─── Data extracts ───

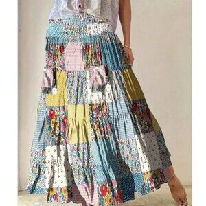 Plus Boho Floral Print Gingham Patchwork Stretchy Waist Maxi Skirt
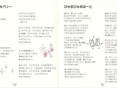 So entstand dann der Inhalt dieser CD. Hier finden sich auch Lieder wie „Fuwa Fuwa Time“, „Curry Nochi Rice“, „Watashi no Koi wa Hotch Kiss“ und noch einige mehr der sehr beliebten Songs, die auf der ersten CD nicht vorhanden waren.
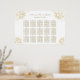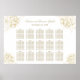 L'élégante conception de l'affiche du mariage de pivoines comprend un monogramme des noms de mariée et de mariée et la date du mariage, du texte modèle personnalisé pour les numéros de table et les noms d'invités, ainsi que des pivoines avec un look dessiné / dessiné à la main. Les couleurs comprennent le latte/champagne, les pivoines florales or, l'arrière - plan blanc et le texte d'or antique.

───
─── Data extracts ───

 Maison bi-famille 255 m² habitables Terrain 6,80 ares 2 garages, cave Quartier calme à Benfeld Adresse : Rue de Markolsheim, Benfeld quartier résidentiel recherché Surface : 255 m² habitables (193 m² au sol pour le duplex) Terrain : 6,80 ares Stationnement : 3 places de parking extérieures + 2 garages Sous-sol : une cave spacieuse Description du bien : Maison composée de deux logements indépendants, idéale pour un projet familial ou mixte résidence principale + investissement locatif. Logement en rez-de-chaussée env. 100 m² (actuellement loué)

───

Exercise directions >> Look back over the records above. Reproduce exactly everything from the line with "Plus Boho Floral" down to the line with "L'élégante conception de", inclusive, and leave the pictures out.

Finished exercise >>
 Plus Boho Floral Print Gingham Patchwork Stretchy Waist Maxi Skirt
 So entstand dann der Inhalt dieser CD. Hier finden sich auch Lieder wie „Fuwa Fuwa Time“, „Curry Nochi Rice“, „Watashi no Koi wa Hotch Kiss“ und noch einige mehr der sehr beliebten Songs, die auf der ersten CD nicht vorhanden waren.
 L'élégante conception de l'affiche du mariage de pivoines comprend un monogramme des noms de mariée et de mariée et la date du mariage, du texte modèle personnalisé pour les numéros de table et les noms d'invités, ainsi que des pivoines avec un look dessiné / dessiné à la main. Les couleurs comprennent le latte/champagne, les pivoines florales or, l'arrière - plan blanc et le texte d'or antique.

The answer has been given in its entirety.